Combine Data

Joining the Datasets

We want one master data file that contains data from all of the three sources. We can combine these data files as long as we have a unique, common element between the three. And we do: date. So we will use date as the key to pull our three datasets together.

First read in all your data. Change any file names if necessary.

library(tidyverse)

pge <- read_csv("pge_full_data.csv")
noaa <- read_csv("pdx_daily_noaa.csv")
extreme <- read_csv("pdx_climate_toolbox.csv")

Examine each dataset. Is the date column labeled the same way across all three? Is it the same data format, meaning numerical, character, etc.? We can join datasets so long as the column type is the same, even if they are named differently.

In the pge dataset the date is called period. It is a <date> format. In the noaa dataset the date is called date. It is a <date> format. In the extreme dataset the date is called date.

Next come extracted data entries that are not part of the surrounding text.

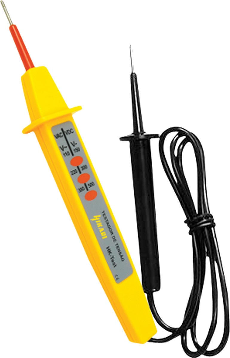 Testador de tensão AC / DC com indicador em três níveis diferentes para tensões de 150V, 300V e 500V DC ou 110V, 220V e 380V AC. Tensão AC: 110/220/380V Tensão DC: 150/300/500V Indicação: Luminosa Dimensões: 185 x 27 x 23mm Peso: 80g
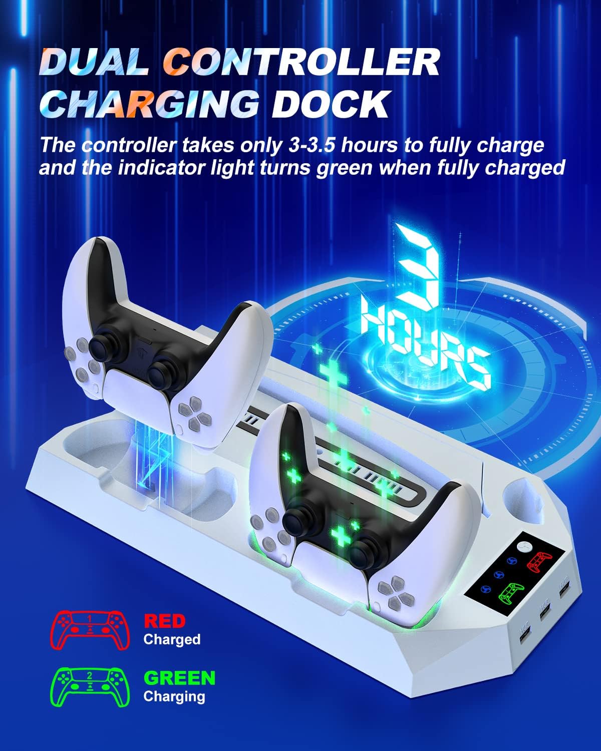 【Further USB Port】The Stand Station has 3 USB ports and might cost varied gaming units similar to headphones, mice, and keyboards. 2 PS5 controllers will also be charged, with a crimson LED throughout charging and a inexperienced LED when totally charged.
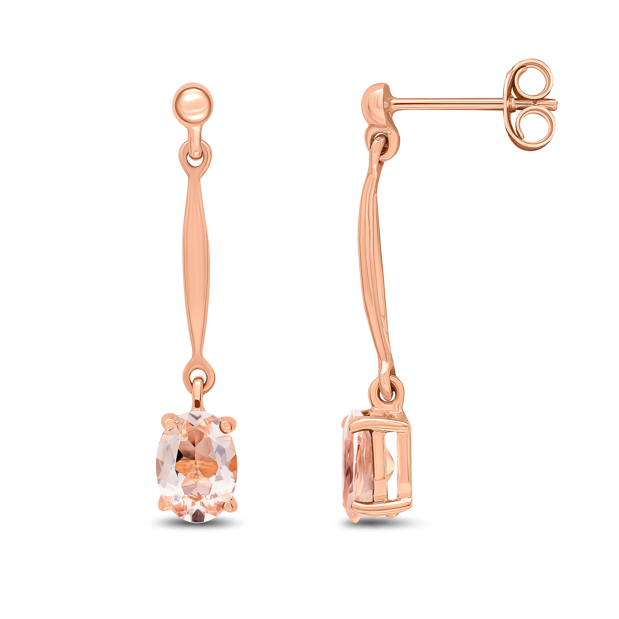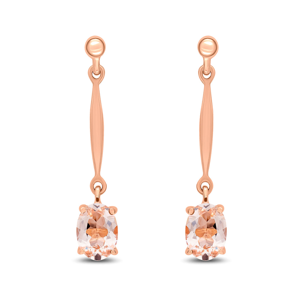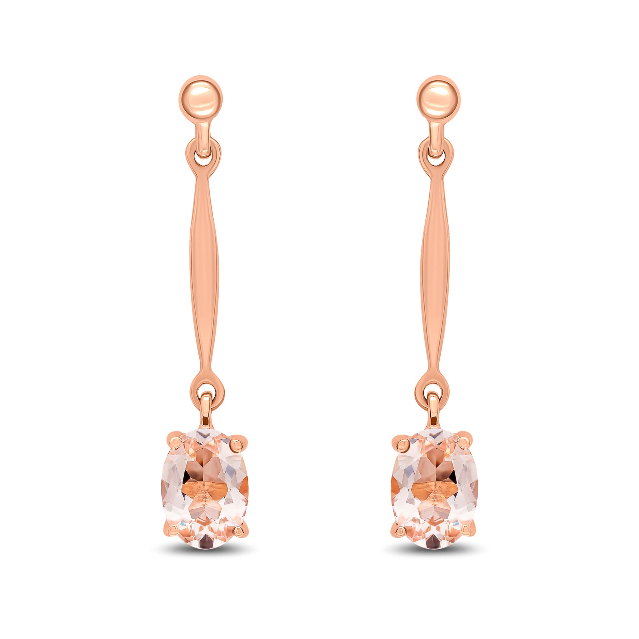 9CT Rose Gold Oval Morganite Claw Bar Drop Earrings 7x5mm
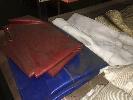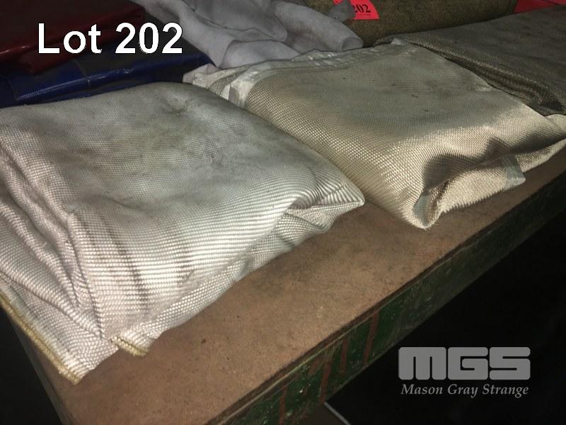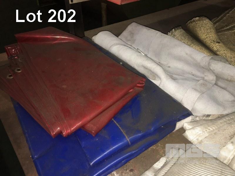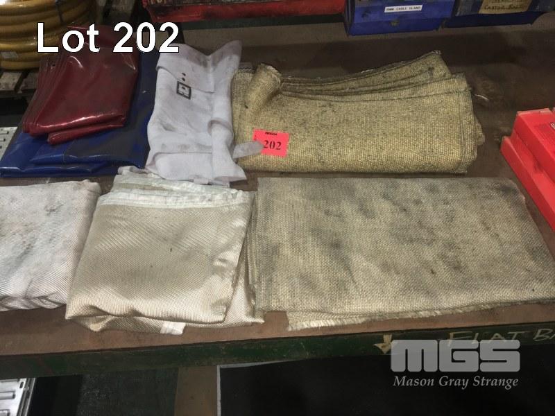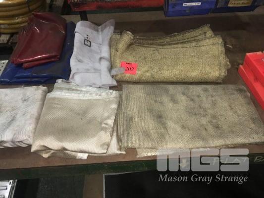 4 x GLASS FIBRE WELDING ANTI-SPLATTER BLANKETS, ASSORTED SIZES, LEATHER APRON, ARC WELDING SCREEN & SMALL TARP
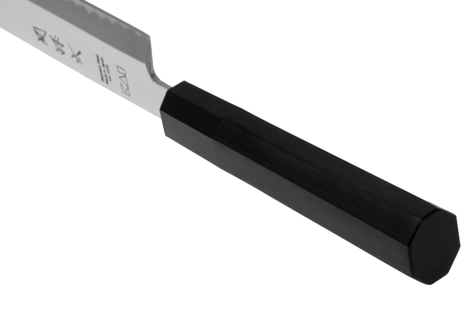El cuchillo Kai Seki Magoroku KK Yanagiba, de 27 centímetros de longitud, es perfecto para cortar en rodajas finas y preparar el pescado. El cuchillo de sashimi japonés está hecho de acero inoxidable con carbono, que se mantiene afilado durante mucho tiempo. Gracias a su diseño sencillo pero elegante, este cuchillo será un buen complemento para tu cocina.
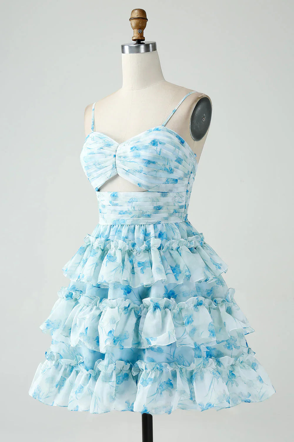 Vintage Light Blue Floral Design A-line Spaghetti Strap Tiered Homecoming Dress HZ1024
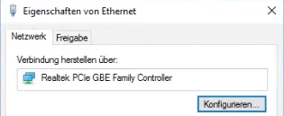 Go to Network and adaptor properties. Select the LAN adaptor and open its properties. In the property screen, select Configuration.
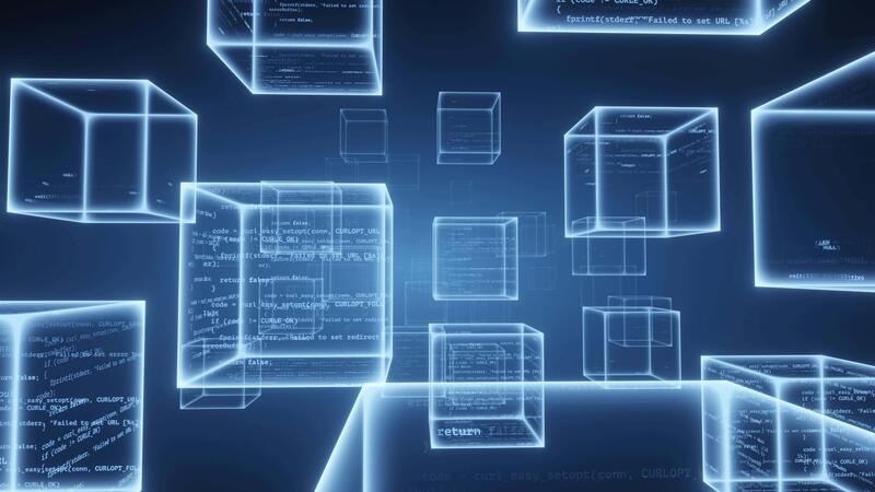 blockchain concepto, cubo con digital datos código adentro. Vídeo Pro
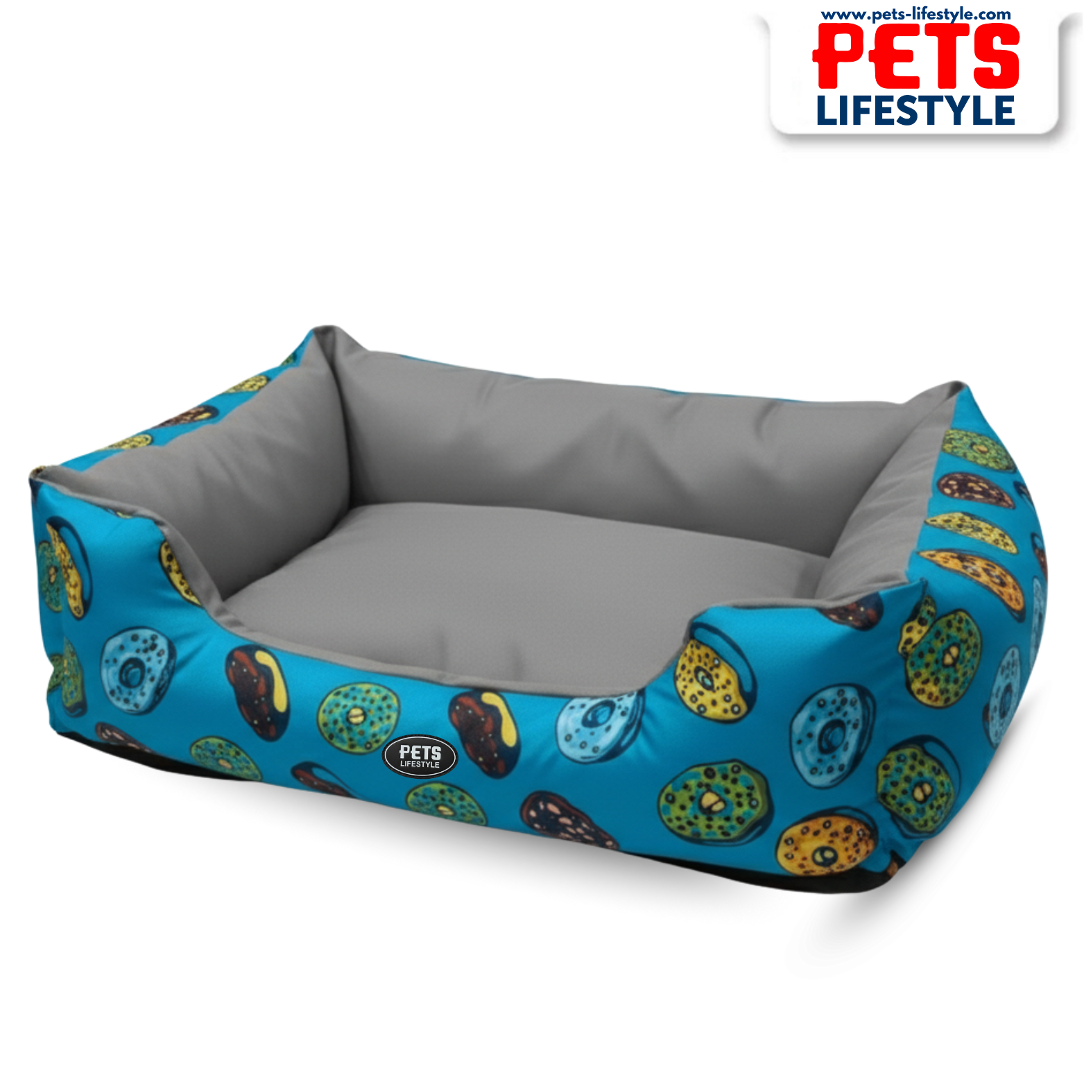 Treat your furry companion to a cozy and playful resting spot with the PᴇᴛsLɪғᴇsᴛʏʟᴇ Donut Pattern Blue & Grey Dog Bed. This round, donut-shaped lounger is designed with raised, bolstered edges, creating a secure nest-like environment that pets love to curl up in. The exterior features a vibrant blue background adorned with colorful, cartoon-style donut patterns, adding a fun and stylish accent to your home.

It is a <date> format.

Next, we want to have some expectation of what our data will look like when combined, in order to know if our combine is successful.

See how many rows each dataset has. Are the dates all unique? Use the unique() function nested inside the length() function to find out.

This will look like length(unique(dataset$date_column)).

From using glimpse() or looking at the Environment pane you should see: pge: 2579 rows (3675 after we add the data from 2016-2018); length(unique(pge$period)) = 3675 noaa: 3493 rows; length(unique(noaa$date)) = 3493 extreme: 85891 rows; length(unique(extreme$date)) = 44195

Think

Do these numbers make sense? What length do we expect our combined dataset to be? Using max() or min() on the date columns from each dataset might help you think about it.

The extreme dataset spans a much larger time frame, so both of the smaller datasets will fit into it and we should have a final dataset with 85891 rows.

Now let’s combine the data using the full_join() function. This will keep all data from both sets. We can only join two things at a time, so we’ll have to do two joins. For more about joins, see this workshop. The gist is that we use the common value as a key to match up the data. For us, we’ll use the date columns.

full <- pge |>
  full_join(noaa, by = join_by("period" == "date")) |>
  rename(date = period) |>    # date makes more sense than period, so we'll change the name
  full_join(extreme, by = "date")

Examine your dataset. You can use the function select() if you want to move columns around or remove any and rename() if you want to change any column names.

full <- full |>
  select(-Year) |>           # we don't need two year columns
  select(date, year, Month, Day, everything()) |> # move things around so all the date stuff is at beginning
  rename(month = Month,      # consistent capitalization
         day = Day,          # consistent capitalization
         energy = value)     # energy usage column

Note the use of everything() to grab all remaining columns.

Now let’s make a plot to see if our data makes sense. The first one we can do is just a scatterplot to see if temp falls between tmin and tmax. Note how we plot multiple columns on one plot:

ggplot(full, aes(x = date)) +
  geom_point(aes(y = tmax), color = "red", alpha = 0.2) +
  geom_point(aes(y = tmin), color = "blue",  alpha = 0.2) +
  geom_point(aes(y = temp), color = "yellow",  alpha = 0.2) 

So much overlapping data obscures the seasonal patternes, but looks good overall. Our temp data shows up where it should and we can see that our timeline looks correct.

Save the Comined Data

In the same way we saved previous data, save the combined data to a dataset called full_data.csv.

write_csv(full, “full_data.csv”)